TASK TO CARRY OUT - Using the listing below, set down exactly the lines from the one that contains "BC)$的底边中线,$AC= 2,AB= 4,△PQC与△BOC$关于点C成中心对称,连接AP,则AP的长为" through the one that contains "Formatele de hârtie", with no pictures.

######

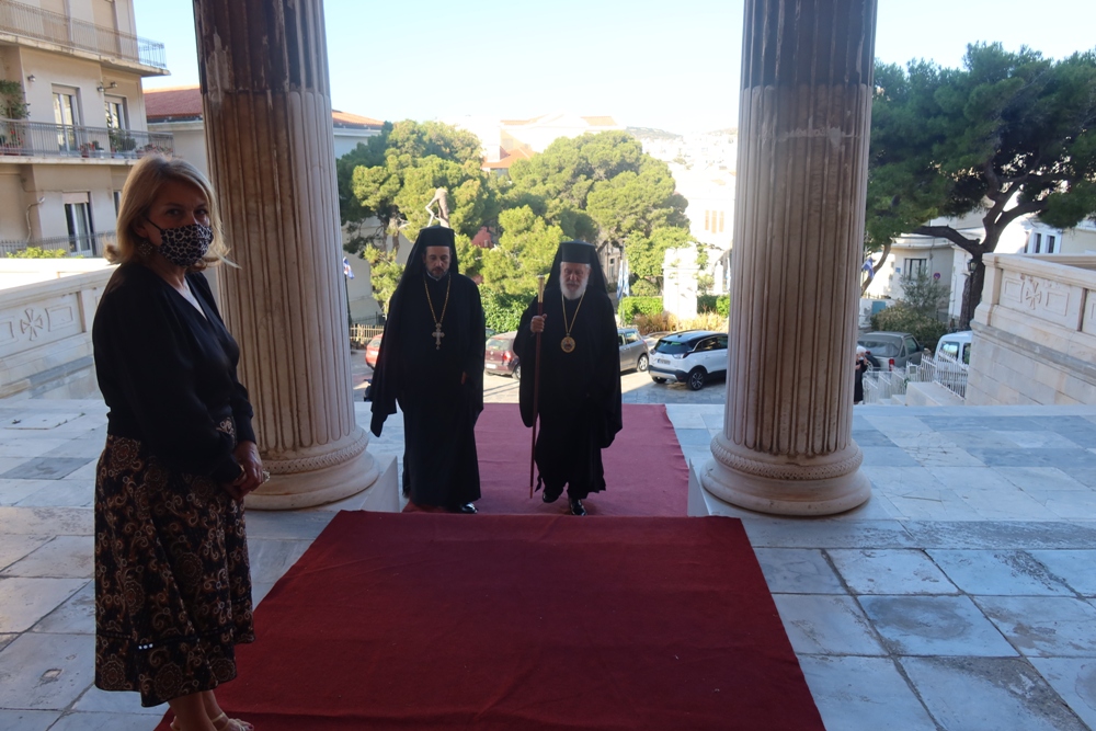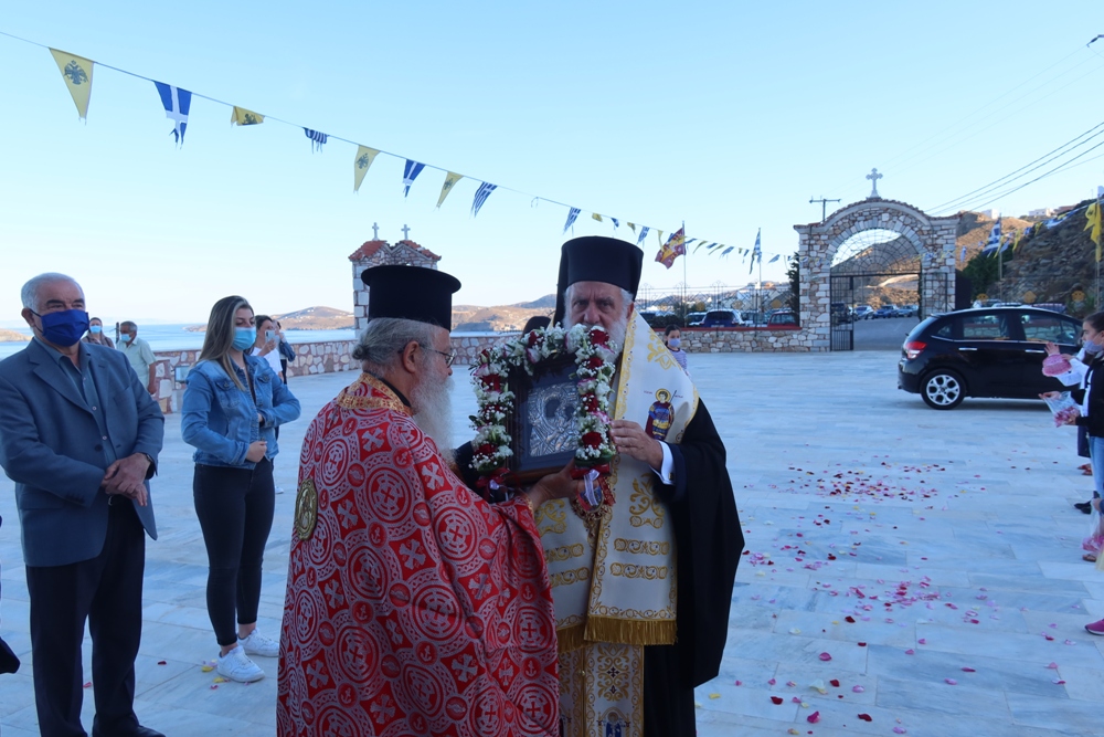 Με την υποδοχή, στον προαύλιο χώρο του Ιερού Ναού Αγίου Δημητρίου, της Ιεράς Εικόνος της Παναγίας «Κυρά-Ξένης», που διεκόμισε το Σάββατο 22 Μαΐου 2021 από το ομώνυμο Προσκύνημα του Πύργου της Τήνου ο Σεβασμιώτατος κ. Δωρόθεος Β’, με ειδική Ακολουθία, που συνέθεσε ο Γραμματέας της Μητροπόλεως κ. Αλέξ. Μαρκουίζος, το τρισάγιο που τέλεσε επί του τάφου του αοιδίμου κτίτορος του Ναού Μητροπολίτου Σύρου Φιλαρέτου (Ιωαννίδη) και τον Αρχιερατικό Εσπερινό που ακολούθησε, οι Σύριοι, τηρούντες τα ισχύοντα υγειονομικά μέτρα, τίμησαν την 85η Επέτειο από την Εύρεση της θαυματουργού Εικόνος του Αγίου Δημητρίου, παρουσία του Θεματικού Αντιπεριφερειάρχη Μεταφορών κ. Μ. Δαδάου, των Προέδρων των Τοπικών Κοινοτήτων Ερμουπόλεως κας Ανθής Χαλκιά και Άνω Σύρου κ. Πέτρου Ραουζαίου, των Δημοτικών Συμβούλων κ.κ. Γιάννη Βρούτση, Αλέξ. Αθανασίου, και Δημ. Κοσμά, του Προέδρου του Συνδέσμου Συριανών κ. Δημ. Βαφία και της διατελεσάσης Δημοτικής Συμβούλου κας Άννας Βαφία.
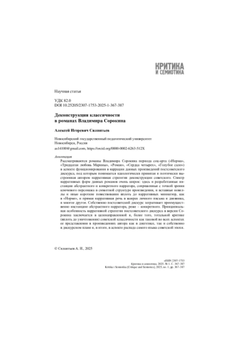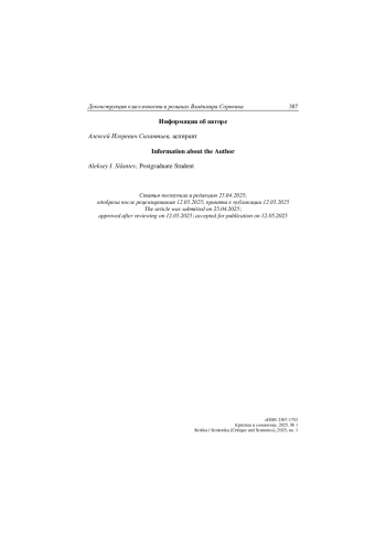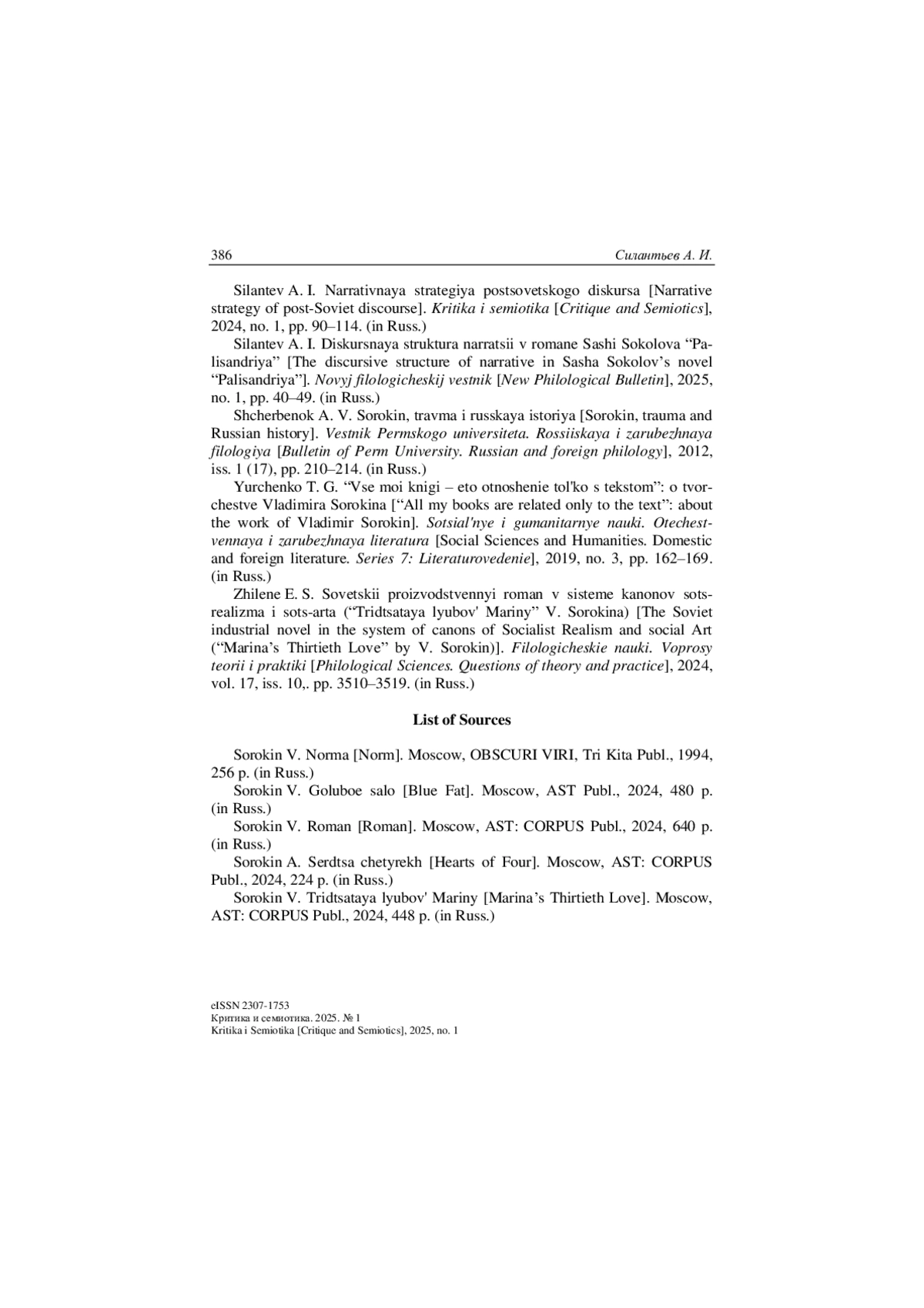 13. Силантьев А. И. Нарративная стратегия постсоветского дискурса // Критика и семиотика. 2024. № 1. С. 90-114.
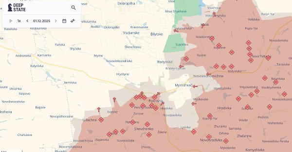 FÅ VEIER: Det pågår kamper rundt hele Myrnohrad. Ifølge de ukrainske analytikerne DeepStateMap sitt kart er ingen veier inn og ut av byen trygge akkurat nå.
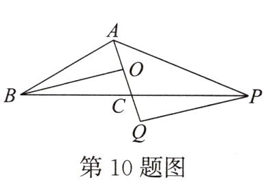 10. [与T6互为孪生题]如图,BO是等腰$△ABC(AB= BC)$的底边中线,$AC= 2,AB= 4,△PQC与△BOC$关于点C成中心对称,连接AP,则AP的长为 (
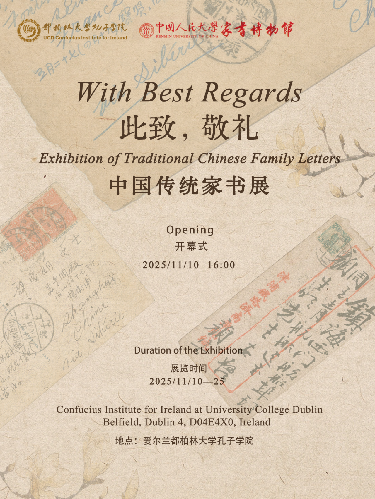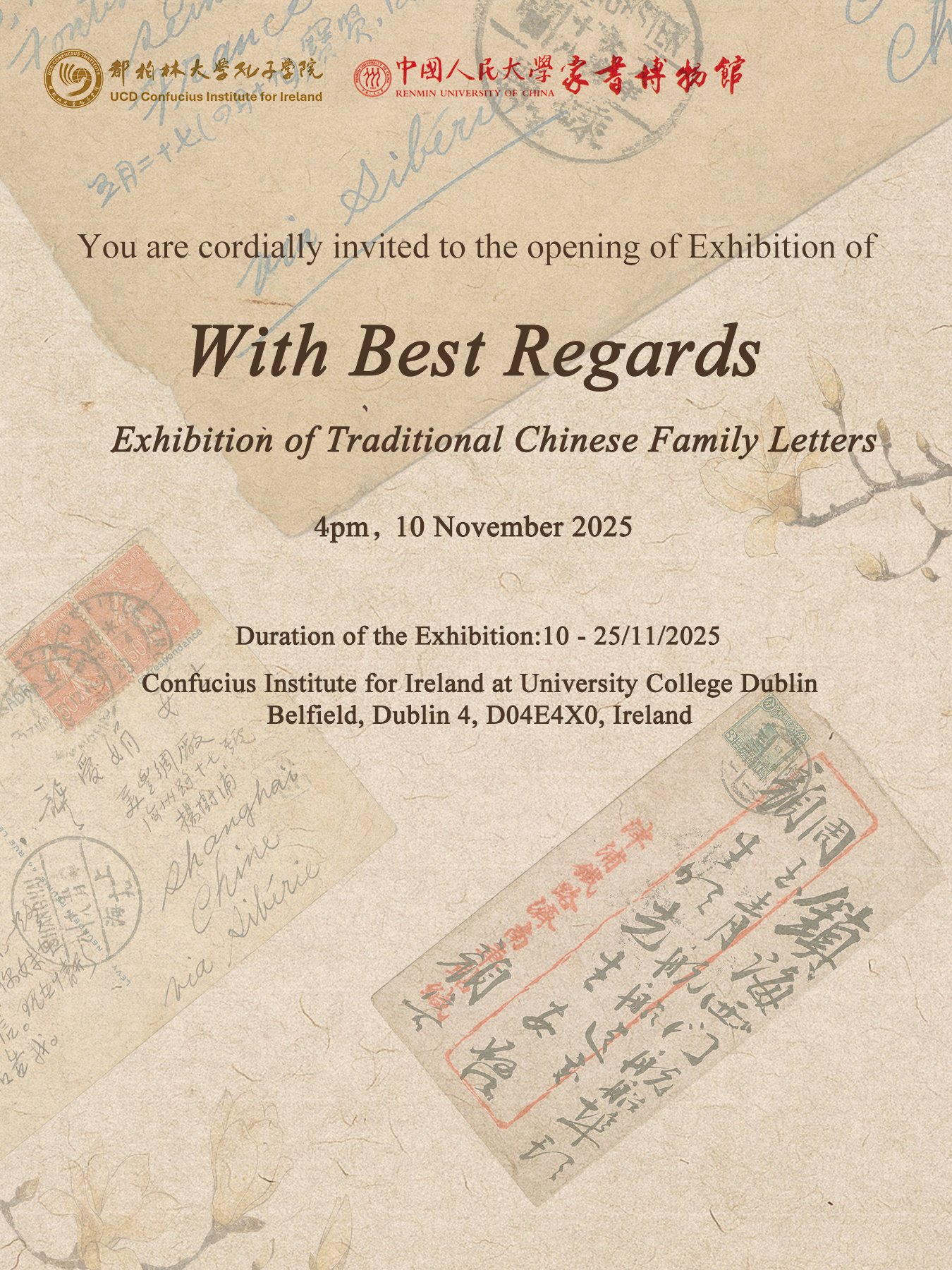 ‘With Best Regards: Exhibition of Traditional Chinese Family Letters’, jointly organised by Family Letters Museum of Renmin University of China and UCD Confucius Institute for Ireland, is set to open.
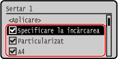 Formatele de hârtie ale căror casete de selectare sunt debifate nu sunt afișate pe ecranul cu setările hârtiei.
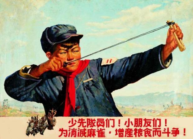 Приказ Великого Кормчего – обязателен к исполнению. И десятки миллионов китайцев начали натурально охотиться на воробьёв. Их сбивали палками. В них кидались камнями. По ним стреляли. Их травили.
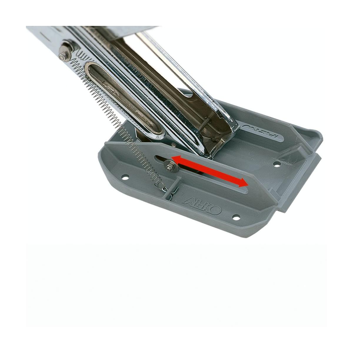 Verhindert Einsinken oder Abrutschen der Stützen Sicherer Stand Mit der großen Standfläche (200 x 180 mm) und den Querrippen verhindert der AL-KO big foot™ ein Wegrutschen oder Einsinken der Stützen und sorgt für absolut sicheren Stand des Wohnwagens. Der Abstützfuß besitzt eine Tragfähigkeit von statisch maximal 1250 kg. Geringer Platzbedarf Im Fahrtbetrieb liegt der AL-KO big foot™ federunterstützt formschlüssig an der Stütze an. Funktionell Durch die Langlochbohrung gleitet die Stütze bei…

######

SOLUTION FOR THIS PROBLEM -
 10. [与T6互为孪生题]如图,BO是等腰$△ABC(AB= BC)$的底边中线,$AC= 2,AB= 4,△PQC与△BOC$关于点C成中心对称,连接AP,则AP的长为 (
 ‘With Best Regards: Exhibition of Traditional Chinese Family Letters’, jointly organised by Family Letters Museum of Renmin University of China and UCD Confucius Institute for Ireland, is set to open.
 Formatele de hârtie ale căror casete de selectare sunt debifate nu sunt afișate pe ecranul cu setările hârtiei.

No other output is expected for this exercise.